Les patients atteints d’une affection de longue durée pourront se voir prescrire une activité physique adaptée par leur médecin traitant à partir de mars prochain, selon un récent décret qui pose les modalités d’application de la mesure dite du « sport sur ordonnance ».

Le 27 novembre 2015, les députés adoptaient à l’unanimité la mesure dite « sport sur ordonnance » dans le cadre de l’examen en dernière lecture du projet de loi relatif à la modernisation du système de santé. Plus d’un an après, un décret est officiellement publié dans le Journal Officiel, pour préciser ses modalités d’application.

Le texte porté par la députée Valérie Fourneyron, ancienne ministre des Sports, permet aux personnes souffrant d’une affection de longue durée (ALD) de se voir prescrire une activité physique adaptée à partir du 1er mars 2017. Une affection de longue durée est une maladie dont la gravité et/ou le caractère chronique nécessitent un traitement prolongé et une thérapeutique particulièrement coûteuse.

Il existe une liste des « ALD 30 » établie par décret pour les reconnaître: cancer, accident vasculaire cérébral invalidant, diabète de type 1 et diabète de type 2, mucoviscidose, sclérose en plaques… « Dans le cadre du parcours de soins des patients atteints d’une ALD, le médecin traitant peut prescrire une activité physique adaptée à la pathologie, aux capacités physiques et au risque médical du patient« , précise le décret.

Les professionnels qui dispenseront les cours

L’activité physique peut être dispensée par des professionnels de santé comme des masseurs-kinésithérapeutes, ergothérapeutes et psychomotriciens et par un professionnel titulaire d’un diplôme dans le domaine de l’activité physique adaptée ou une certification de qualification.

« Avec l’accord des patients, l’intervenant transmet périodiquement un compte rendu sur le déroulement de l’activité physique au médecin prescripteur et peut formuler des propositions quant à la poursuite de l’activité et aux risques inhérents à celle-ci.
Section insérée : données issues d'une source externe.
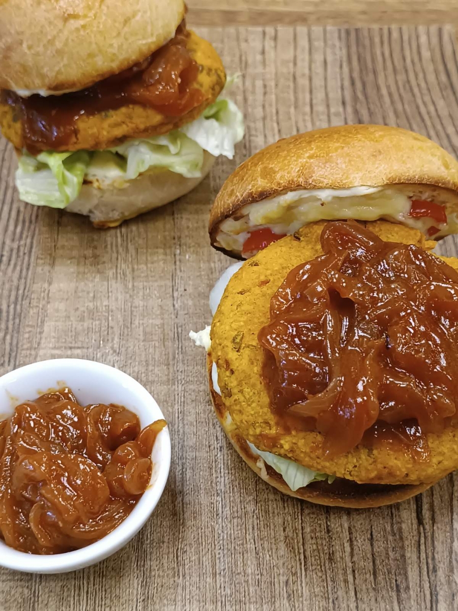 Για τα burger βάλτε σε ένα μπολ τις φακές, την γλυκοπατάτα, το αυγό, τη βρώμη, το ελαιόλαδο, το γάλα,τη μουστάρδα, τα μπαχαρικά και ομογενοποιήστε.Πλάστε σε μικρά «μπιφτέκια», στην συνέχεια ψήστε τα σε προθερμασμένο φούρνο στους 160ο C, για 20 λεπτά.

Les patients sont destinataires de ce compte rendu. », ajoute le décret.

Cependant, en cas de limitations fonctionnelles sévères, seuls les professionnels de santé seront habilités à dispenser une activité physique. La prise en charge des patients devra être personnalisée et progressive en termes de forme, d’intensité et de durée de l’exercice. Cette initiative a pour but « d’adopter un mode de vie physiquement actif sur une base régulière afin de réduire les facteurs de risque et les limitations fonctionnelles liés à l’affection de longue durée dont elle est atteinte. »  A ne pas confondre avec les actes de rééducation « qui sont réservés aux professionnels de santé, dans le respect de leurs compétences. »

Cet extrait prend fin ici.